Fire departments throughout the Roaring Fork Valley will give free consultations to property owners on wildfire mitigation. It is the responsibility of the residents to follow through on the recommendations themselves or hire a contractor. Thompson said he has witnessed greater interest among residents. In some cases, insurance companies threaten to cancel policies if mitigation steps are not taken.
“We don’t want people to clear-cut, but we want their yards to look like parks,” Thompson said.
Thompson and John Mele, deputy chief of fire prevention and fire marshal at Snowmass Village, brokered an agreement with the Basalt town government earlier this month to undertake a mitigation project to try to lead by example with citizens. They are trying to secure a grant or find another way to thin vegetation on a thickly wooded hillside above Town Hall to serve as a demonstration project.
Councilwoman Katie Schwoerer said homeowner engagement for wildfire mitigation shouldn’t be a problem in the Roaring Fork Valley after people saw the destruction of the California coastal fires in December, mostly in areas that thought they were immune.
“I think everybody is scared to death that could happen here,” Schwoerer said.
The biggest concern is where forested areas or even grassland meadows come into contact with subdivisions — an area known as the wildland urban interface.

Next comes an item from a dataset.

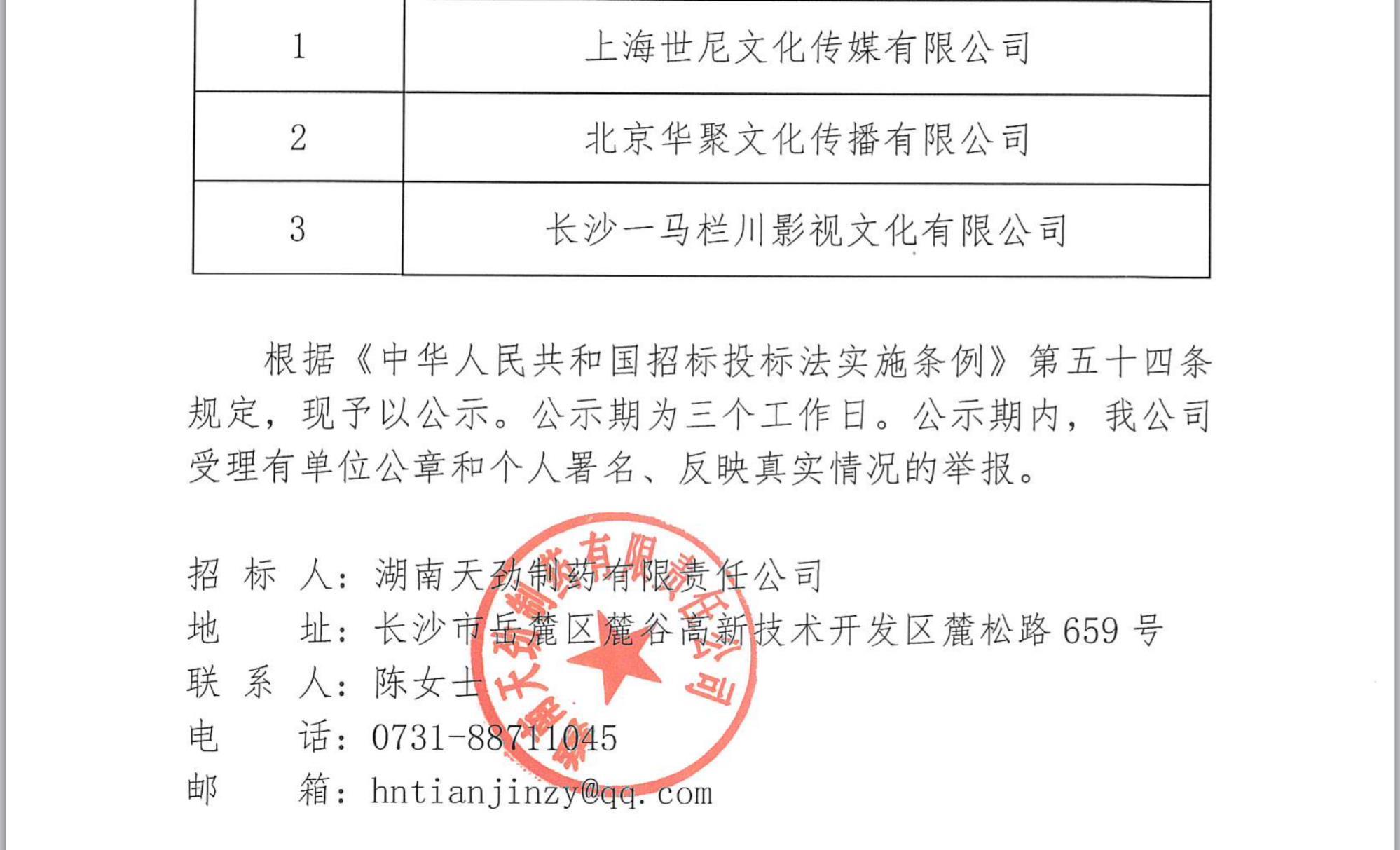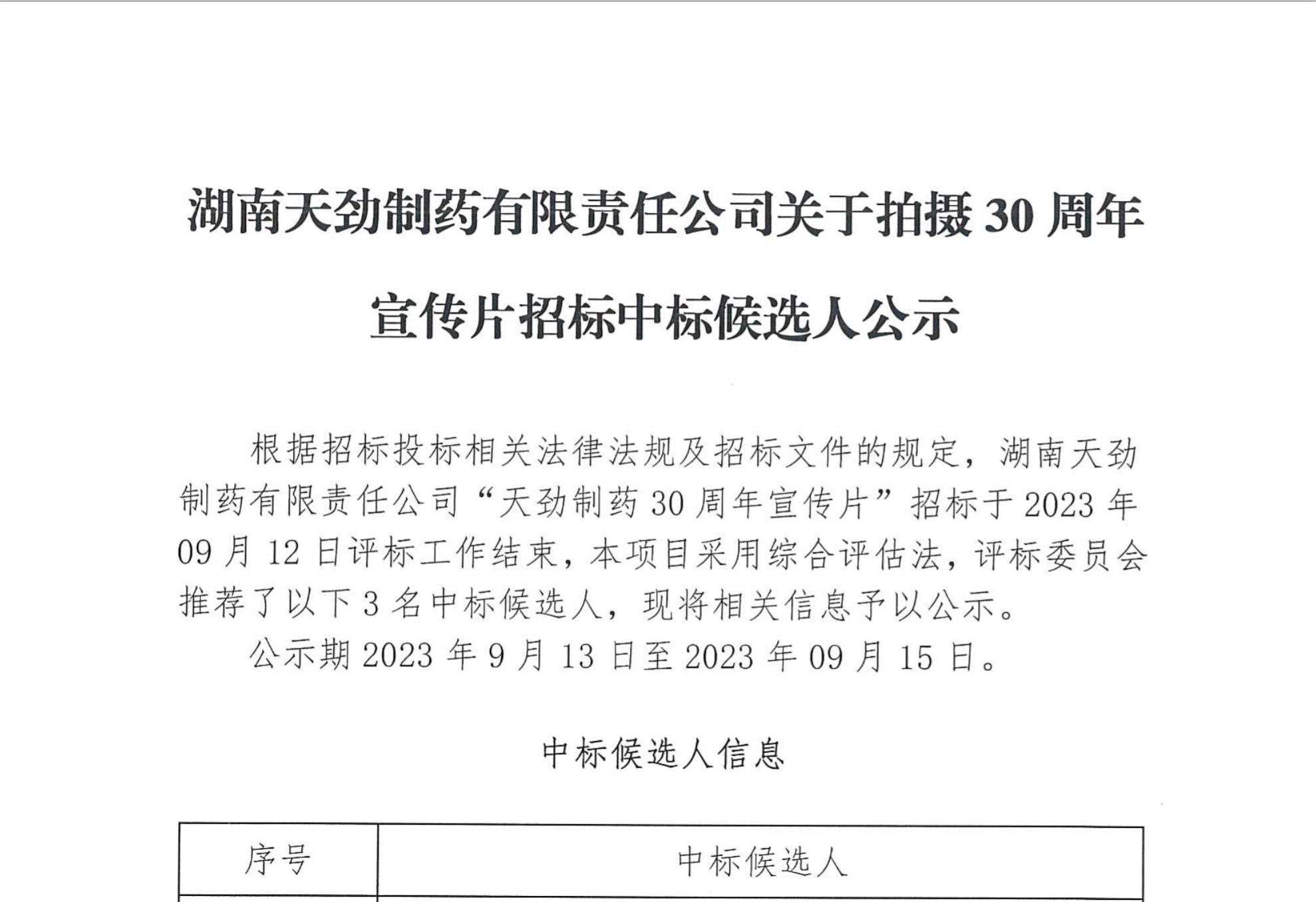 湖南天劲制药有限责任公司关于拍摄30周年宣传片招标中标候选人公示

“How do we get wildfires in subdivisions like this? It’s ember showers,” Mele said.
Wildfires are typically driven by high winds that whip literal showers of embers far down wind.
“A mile is not unheard of for embers to fly and houses to burn,” Thompson said.
Homeowners who don’t feel they are in immediate harm watch as embers suddenly catch debris under decks or in gutters on fire. Cedar fences prove to be an easy way for fire to spread from house to house.
Fire prevention stresses the “hardening” of houses by clearing gutters, keeping tree limbs off roofs and walls and using non-flammable roofing material.
Long said the state forest service shares the goal with fire districts to get residents interested in helping themselves.
“I don’t want to scare you,” she said. “I want to empower you.”